> _PROVIDED DATA_
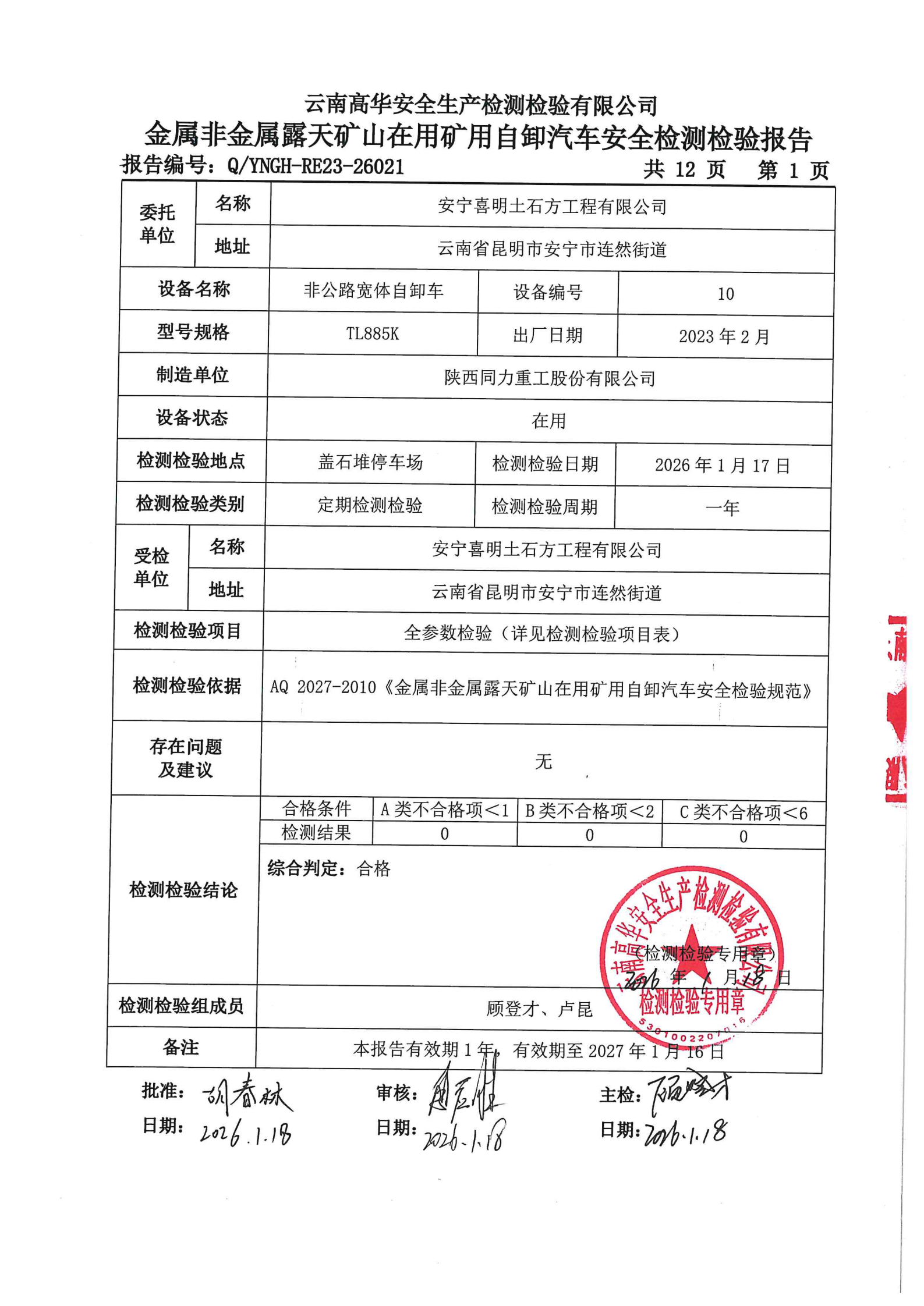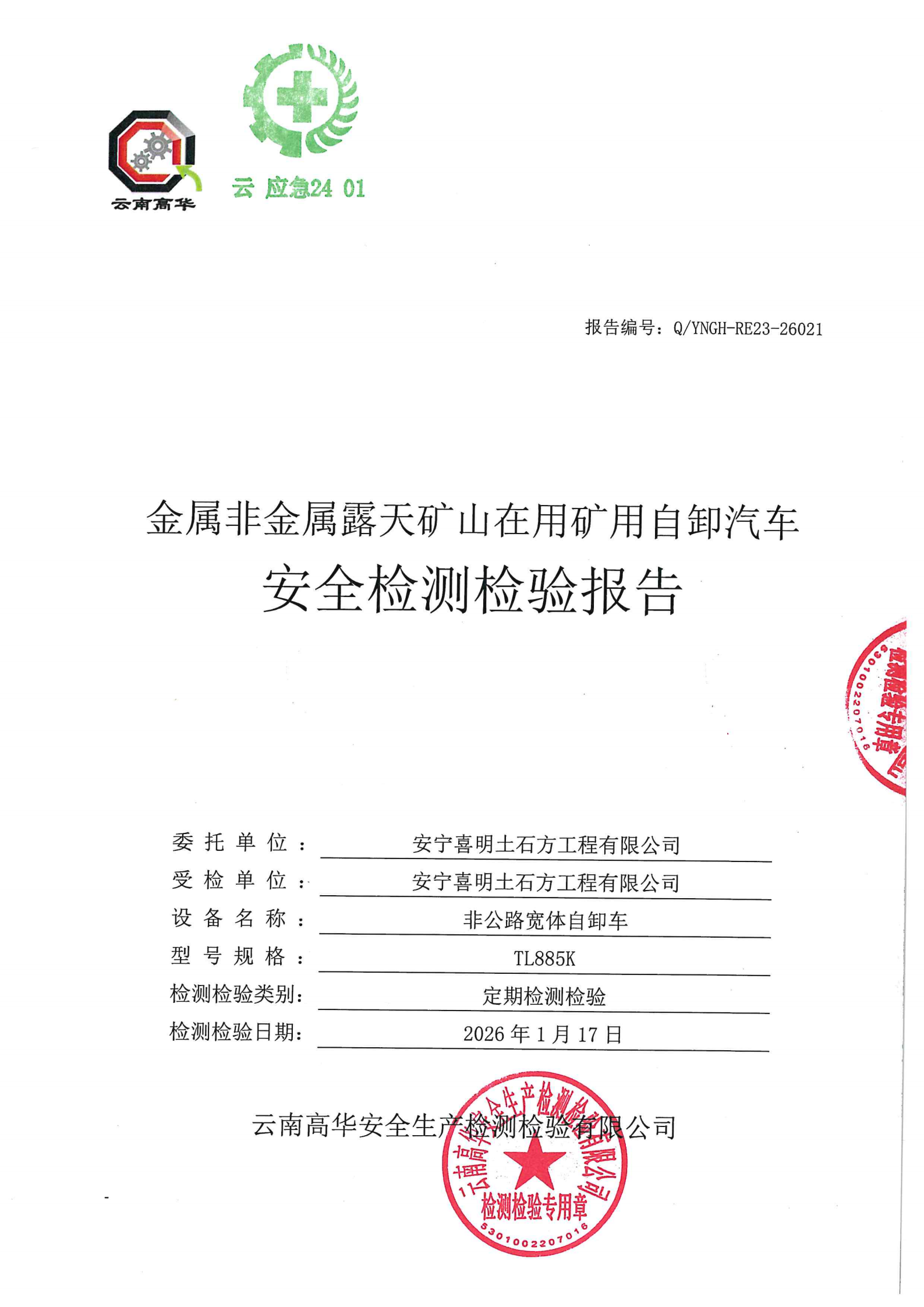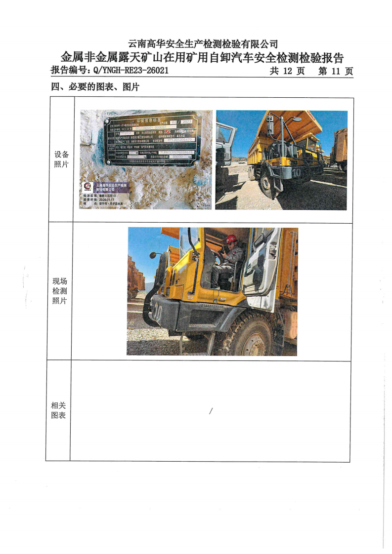 金属非金属露天矿山在用矿用自卸汽车安全检测检验报告
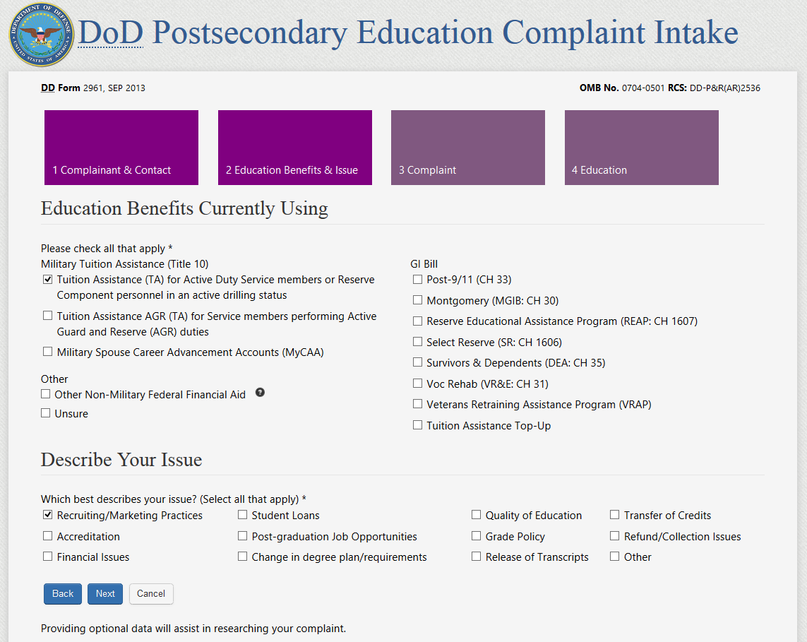 After clicking “Next” the complaint filer advances to Section 2 - the “Education Benefits & Issue” data collection page.
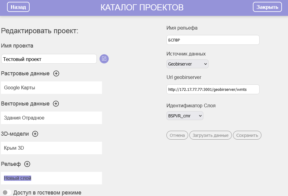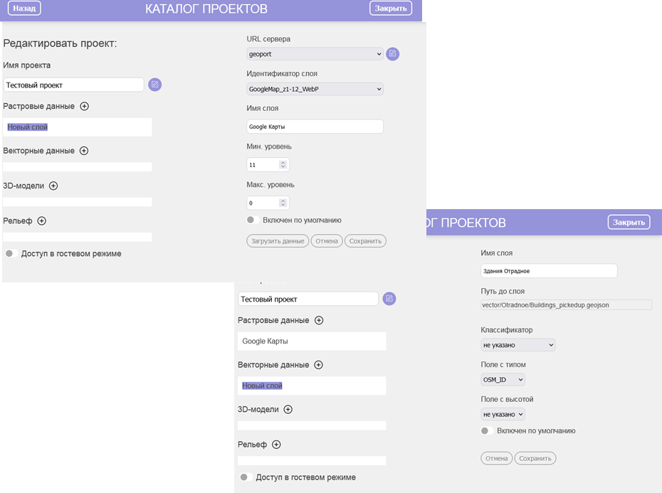 Добавление новых слоев в существующий проект производится через меню "Проекты" и редактирование нужного проекта (см. раздел "Работа с проектами").
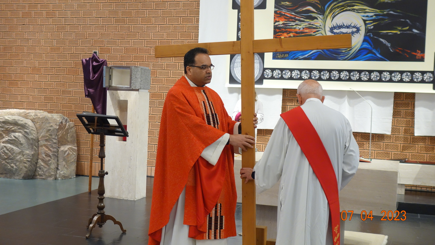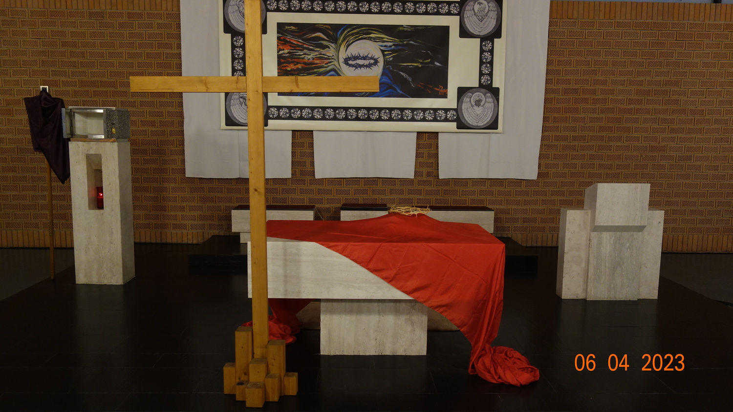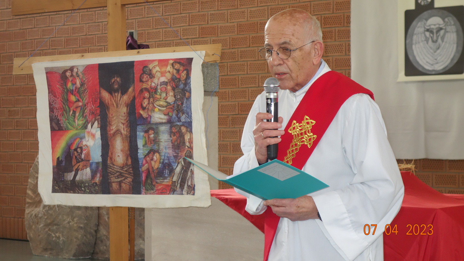 Um 1500 Uhr am Karfreitag, dem 7. April 2023 fand in der Pfarrkirche ein Kreuzweg unter Leitung von Diakon Dr. Peter Zotti statt. Dabei präsentierte Dr. Peter Zotti auch das Misereor Hungertuch. Dann wurden die Gläubigen durch die 14 allgemein bekannten Stationen des Kreuzweges geführt.
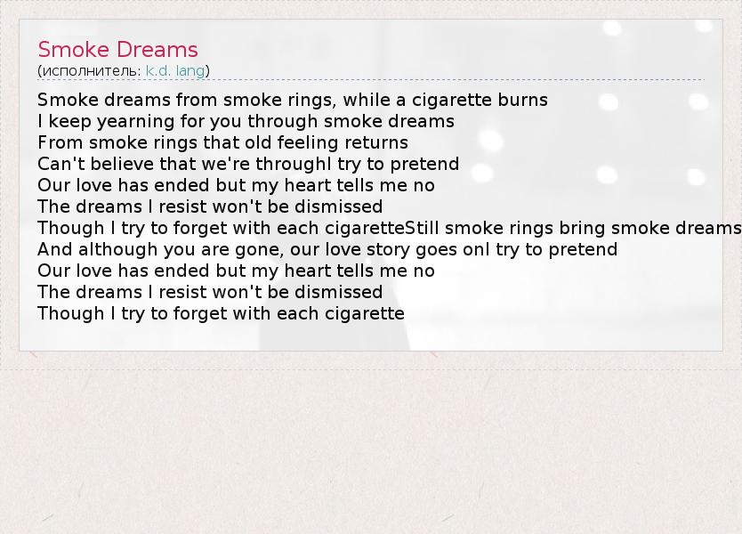 Smoke dreams from smoke rings, while a cigarette burns I keep yearning for you through smoke dreams From smoke rings that old feeling returns Can't believe that we're throughI try to pretend Our love has ended but my heart tells me no The dreams I resist won't be dismissed Though I try to forget with each cigaretteStill smoke rings bring smoke dreams And although you are gone, our love story goes onI try to pretend Our love has ended but my heart tells me no The dreams I resist won't be dismissed Though I try to forget with each cigarette
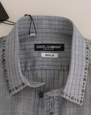 Dolce & Gabbana Gray Check GOLD Cotton Slim Fit Shirt
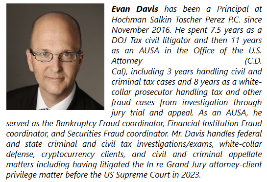 For more information please contact Evan Davis at davis@taxlitigator.com.
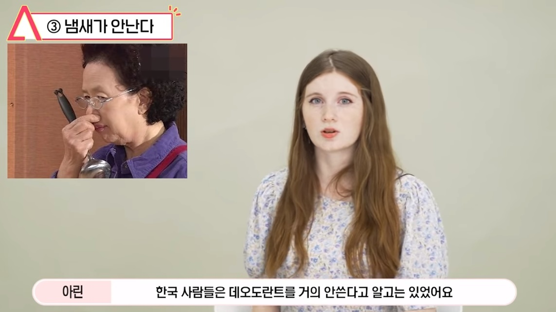 외국에서는 데오드란트를 뿌리는 것은 일상이며, 만약 뿌리지 않는다면 냄새가 많이 나며 이는 예의가 없는 행동이라고 말했다.
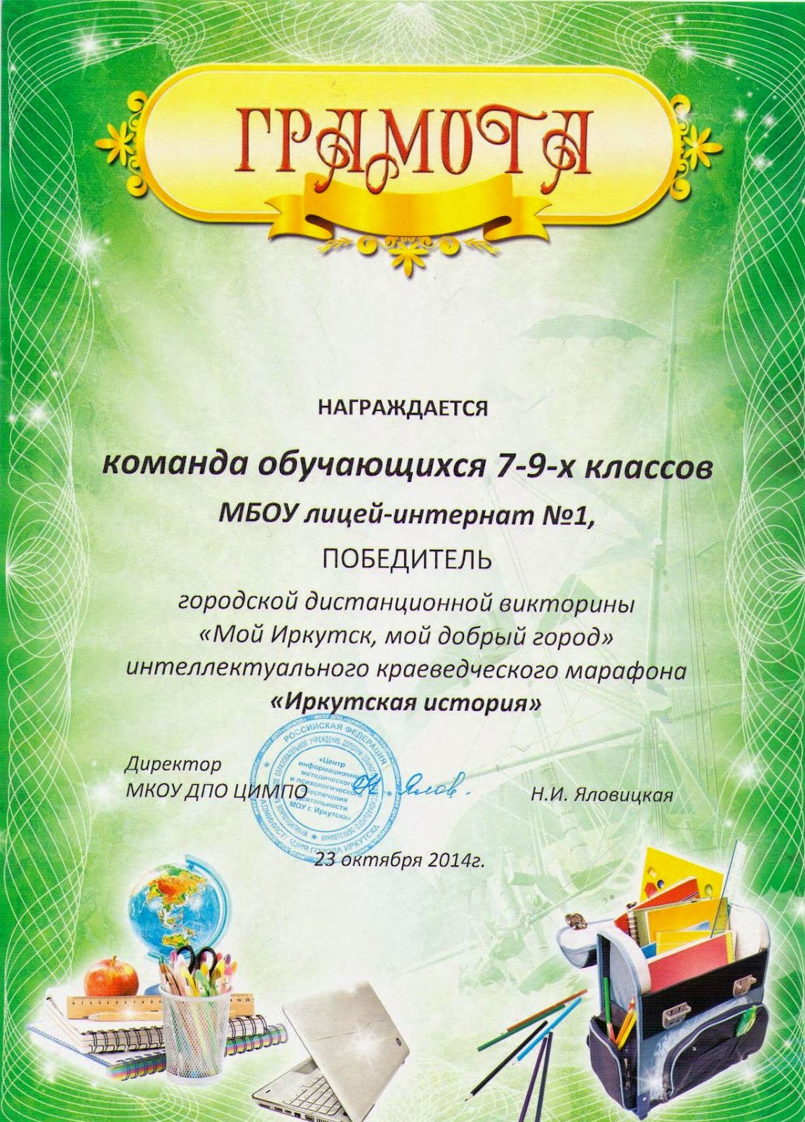 В состав лицейской команды вошли девятиклассники: Пономарёва Екатерина, Бучнев Алексей и Айсанов Евгений. При регистрации каждая команда должна была предложить 10 вопросов по теме «Известные люди в Иркутске». Вопросы лицейские участники викторины придумывали под руководством Калмыниной О.А., зам. директора по НМР. 19 сентября 2014 г. с 15-00 до 16-00 часов команды соревновались в дистанционной викторине в режиме он-лайн. Участники лицейской команды вспоминали «Известных людей в Иркутске» под руководством Ященко В.В., зам. директора по УВР (ИКТ). Итоги викторины.

> _REQUIRED WORK_
Whatever pictures the records hold, omit them; give again exactly the lines from the one containing "For more information" through the one containing "외국에서는 데오드란트를 뿌리는".

> _EXERCISE RESULT_
 For more information please contact Evan Davis at davis@taxlitigator.com.
 외국에서는 데오드란트를 뿌리는 것은 일상이며, 만약 뿌리지 않는다면 냄새가 많이 나며 이는 예의가 없는 행동이라고 말했다.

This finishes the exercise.